## MATERIAL SUPPLIED
○ ○ ○ ○ ○

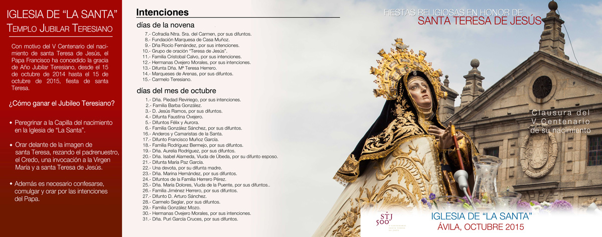 Por su parte, los carmelitas descalzos, en la casa natal de la Santa, celebran la fiesta de santa Teresa de Jesús y clausuran el año jubilar teresiano con un programa al que se puede acceder en este enlace.
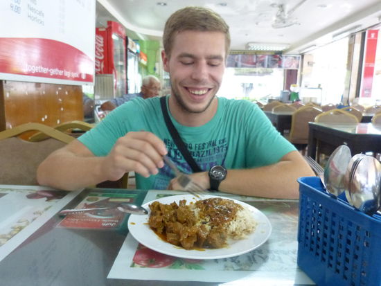 Wieder zurück auf Langkawi entscheiden wir uns dann, nach Hause zu laufen, weil es unterwegs eh an unserem neuen Stammrestaurant vorbeigeht und wir ja noch kein Mittag gegessen haben. Das habe ich übrigens noch gar nicht erzählt. Bei dem Restaurant direkt neben dem Hotel ist uns nach dem dritten Mal essen gehen beiden so schlecht geworden, das wir uns beinahe um den Platz an der Kloschüssel hätten streiten müssen. Seitdem gehen wir also immer woanders essen, wo es ebenfalls sehr lecker schmeckt, auch wenn das Fleisch für Marc zu viele Sehnen hat und ihm deshalb nicht zart genug ist. Überhaupt ist das Essen in Malaysia aber ansonsten ziemlich lecker, weil es mit den ganzen Gewürzen und leckeren dunklen Soßen wie gesagt ziemlich ähnlich mit dem indischen ist.
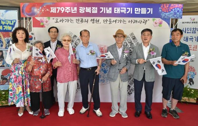 14일 진행된 광복절 기념행사는 “모아가는 민족의 염원, 만들어 가는 나라사랑”이라는 주제로 지난 5일부터 시청 종합민원실에 설치된 대형 태극기에 독립유공자 유족과 김제시민이 다같이 손바닥 도장을 찍는 기념행사를 진행, 광복의 기쁨을 함께 나누는 시간을 마련했다.
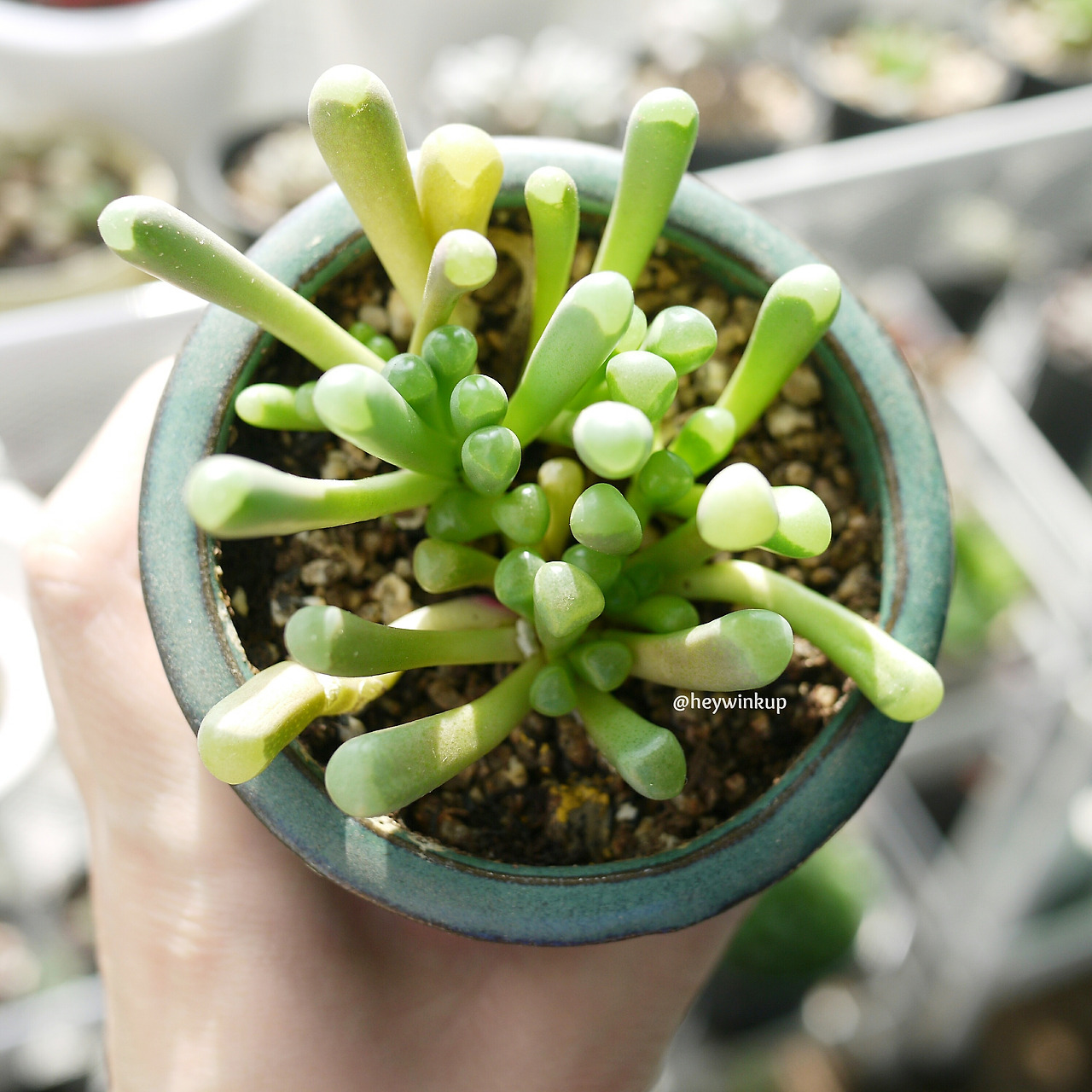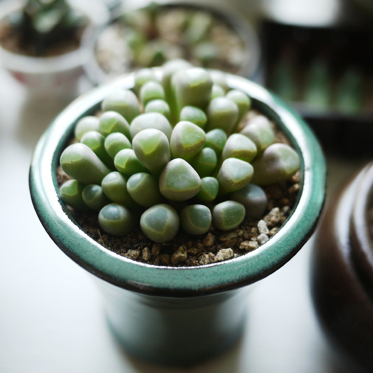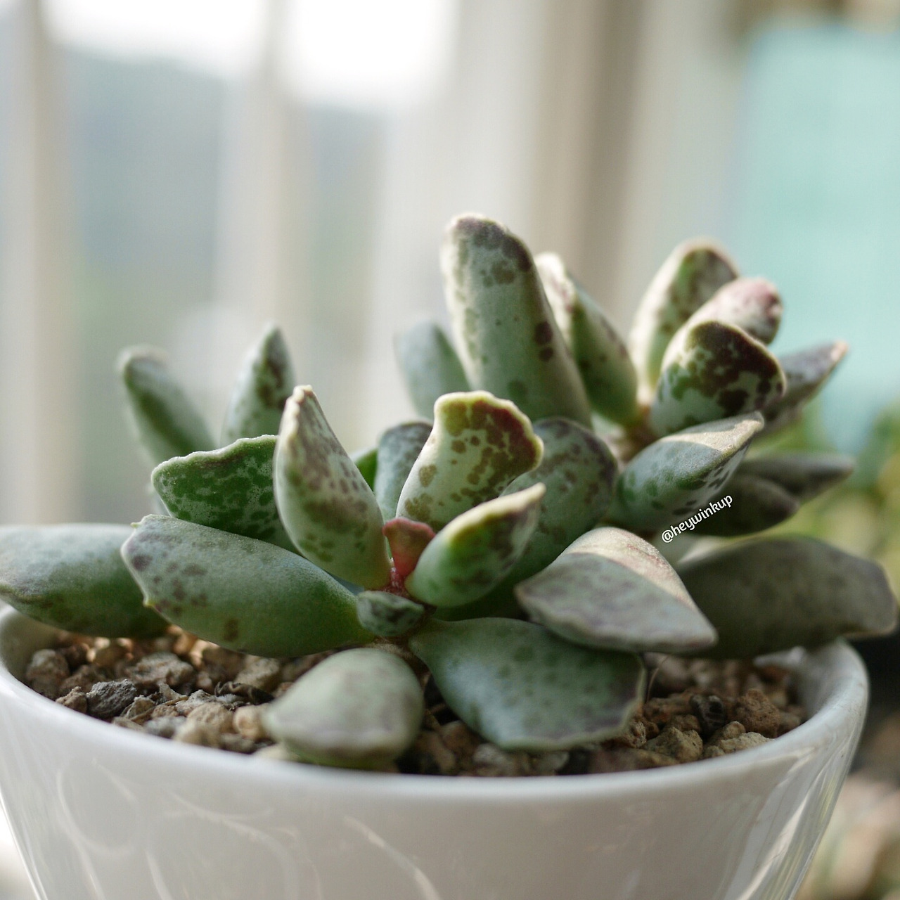 외계 생물이 있으면 이렇게 생기지 않았을까? 가지런한 모습일 때는 영락없이 아기들의 통통한 발가락을 닮아 외국에선 'babytoe'라고 불리기도 하는데 우리나라에선 꽃의 색에 따라 다른 이름들이 붙어 있다. 동그란 잎 끝에 색이 다른 부분이 햇빛을 받는 창의 역할을 한다. 사진의 다육이는 군옥으로, 일반적인 동향 베란다에서 길렀더니 처음의 가지런하고 예쁜 모습은 사라지고 자기주장이 강한 모습으로 살아가고 있다. 너무 강한 빛을 받으면 녹아버리고, 너무 많은 물을 먹으면 터져버리는, 굉장히 직관적인 다육이. (그러니 여름에 특히 조심해야 한다)
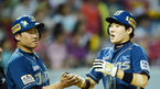 [OSEN=잠실, 이대선 기자] 30일 오후 서울 잠실야구장에서 '2014 한국야쿠르트 세븐 프로야구' 두산 베어스와 롯데 자이언츠의 경기가 열렸다. 경기 종료 후 롯데 히메네스가 두산 선수들과 이야기를 나누고 있다. 두산은 우완 더스
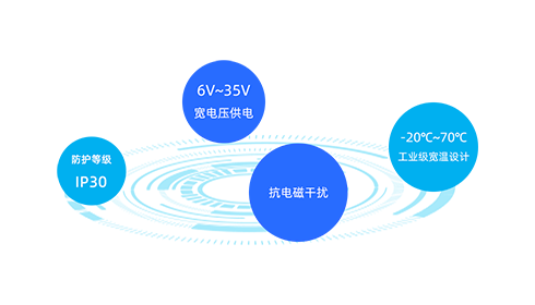 支持6V~35V宽电压供电,-20℃~70℃工业级宽温设计,抗电磁干扰,适应更多对供电要求和温度要求的应用现场。
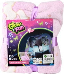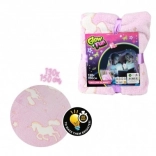 Et superblødt plystæppe med motiv af enhjørninger og stjerner, der virkelig lyser i mørket efter opladning i lys. Det er nok at udsætte det for lys et øjeblik, så får du både magisk natteglød, behagelig varme og en blød, lækker følelse i ét.
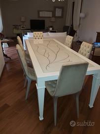 tavolo da pranzo elegante in legno laccato con piano in vetro cm.2400 × 90. poltroncine in pelle con schienale in velluto. ottimo stato.

○ ○ ○ ○ ○

## PROBLEM STATEMENT
Copy word for word the lines of the records above from the one with "외계 생물이 있으면 이렇게" up to and including the one with "Et superblødt plystæppe". Skip the pictures.

## EXPECTED ANSWER
 외계 생물이 있으면 이렇게 생기지 않았을까? 가지런한 모습일 때는 영락없이 아기들의 통통한 발가락을 닮아 외국에선 'babytoe'라고 불리기도 하는데 우리나라에선 꽃의 색에 따라 다른 이름들이 붙어 있다. 동그란 잎 끝에 색이 다른 부분이 햇빛을 받는 창의 역할을 한다. 사진의 다육이는 군옥으로, 일반적인 동향 베란다에서 길렀더니 처음의 가지런하고 예쁜 모습은 사라지고 자기주장이 강한 모습으로 살아가고 있다. 너무 강한 빛을 받으면 녹아버리고, 너무 많은 물을 먹으면 터져버리는, 굉장히 직관적인 다육이. (그러니 여름에 특히 조심해야 한다)
 [OSEN=잠실, 이대선 기자] 30일 오후 서울 잠실야구장에서 '2014 한국야쿠르트 세븐 프로야구' 두산 베어스와 롯데 자이언츠의 경기가 열렸다. 경기 종료 후 롯데 히메네스가 두산 선수들과 이야기를 나누고 있다. 두산은 우완 더스
 支持6V~35V宽电压供电,-20℃~70℃工业级宽温设计,抗电磁干扰,适应更多对供电要求和温度要求的应用现场。
 Et superblødt plystæppe med motiv af enhjørninger og stjerner, der virkelig lyser i mørket efter opladning i lys. Det er nok at udsætte det for lys et øjeblik, så får du både magisk natteglød, behagelig varme og en blød, lækker følelse i ét.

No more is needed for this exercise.